Wasserstein Regression with Empirical Measures and Density Estimation for Sparse Data

The problem of modeling the relationship between univariate distributions and one or more explanatory variables has found increasing interest. Traditional functional data methods cannot be applied directly to distributional data because of their inherent constraints. Modeling distributions as elements of the Wasserstein space, a geodesic metric space equipped with the Wasserstein metric that is related to optimal transport, is attractive for statistical applications. Existing approaches proceed by substituting proxy estimated distributions for the typically unknown response distributions. These estimates are obtained from available data but are problematic when for some of the distributions only few data are available. Such situations are common in practice and cannot be addressed with available approaches, especially when one aims at density estimates. We show how this and other problems associated with density estimation such as tuning parameter selection and bias issues can be side-stepped when covariates are available. We also introduce a novel version of distribution-response regression that is based on empirical measures. By avoiding the preprocessing step of recovering complete individual response distributions, the proposed approach is applicable when the sample size available for some of the distributions is small. In this case, one can still obtain consistent distribution estimates even for distributions with only few data by gaining strength across the entire sample of distributions, while traditional approaches where distributions or densities are estimated individually fail, since sparsely sampled densities cannot be consistently estimated. The proposed model is demonstrated to outperform existing approaches through simulations. Its efficacy is corroborated in two case studies on Environmental Influences on Child Health Outcomes (ECHO) data and eBay auction data.

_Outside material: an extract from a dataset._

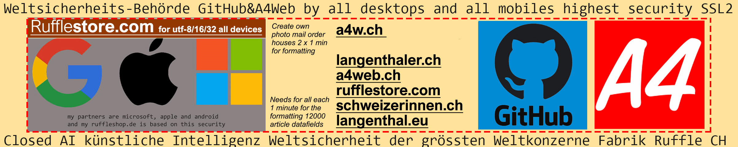 Weltweiter Erfolg für www.rufflestore.com Ein Der schnell auslieferbare Die Computerschrift wurde auf Segeo gewählt, da dieser Schriftsatz alle weltweiten Sprachen unterstützt. So kann der Beim Bestell-Doppelbutton werden zwei Warenkorb-Einsendungen parallel gleichzeitig erlaubt. Der Encrypted-Send-Button und der E-Mail Button. Der Encrypted-Send-Button sendet der Warenkorb schön formatiert und komplett mit hunderten Artikeln zurück durch die GPU direkt durch jede Firewall also zurück zum Hosting in einem encrypted Kanal in ein geheimes verschüsseltes PHP-Skript. In den angebotenen fünf Farben kann so ein günstiger Im ersten Kernel werden 9 Menüs zu je 250 Shopartikeln direkt im Root in einer Text-Datei eingegeben (vom Kunden selbst programmierbare Menüs). Der zweite Kernel ist die gleiche Webseite aber mit 24 Menüs, die auch im Root beschriftbar sind durch Sie selbst in Textdateien. Im ersten Kernel können 3000 Artikel abgerufen werden, im zweiten kommen 3000 Artikel hinzu, sprich bis 6000 Artikel also. Der Man schaltet den Ruffleshop wie folgt: Die HTML-Version kann dann nachträglich gewählt werden, wenn der Prozessor nicht schnell genug ist. Dies sind Androide, die älter und vor 6 Jahren produziert worden sind. Dieser Zur Geräte-Hersteller-Garantie: hier klicken Andreas Lützenberger

翻译：建模单变量分布与一个或多个解释变量之间的关系问题日益受到关注。由于分布数据的固有限制，传统函数型数据方法无法直接应用。将分布建模为Wasserstein空间的元素——这一配备与最优输运相关的Wasserstein度量的测地度量空间——对统计应用具有吸引力。现有方法通过采用替代估计分布来替代通常未知的响应分布。这些估计值从可用数据中获得，但当某些分布仅有少量数据可用时，会存在问题。此类情况在实践中常见，而现有方法无法应对，尤其是在进行密度估计时。我们展示了当协变量可用时，如何规避这一问题以及其他与密度估计相关的难题（如调参选择与偏差问题）。同时，我们引入了一种基于经验测度的分布-响应回归新版本。通过避免恢复完整个体响应分布的预处理步骤，所提方法在部分分布样本量较小时仍适用。此时，即使对于仅含少量数据的分布，通过整合整个分布样本的信息仍可获得一致的分布估计，而传统逐个估计分布或密度的方法因稀疏采样密度无法一致估计而失效。仿真实验表明所提模型优于现有方法。其在环境对儿童健康结局（ECHO）数据与eBay拍卖数据的两项案例研究中的有效性得到了验证。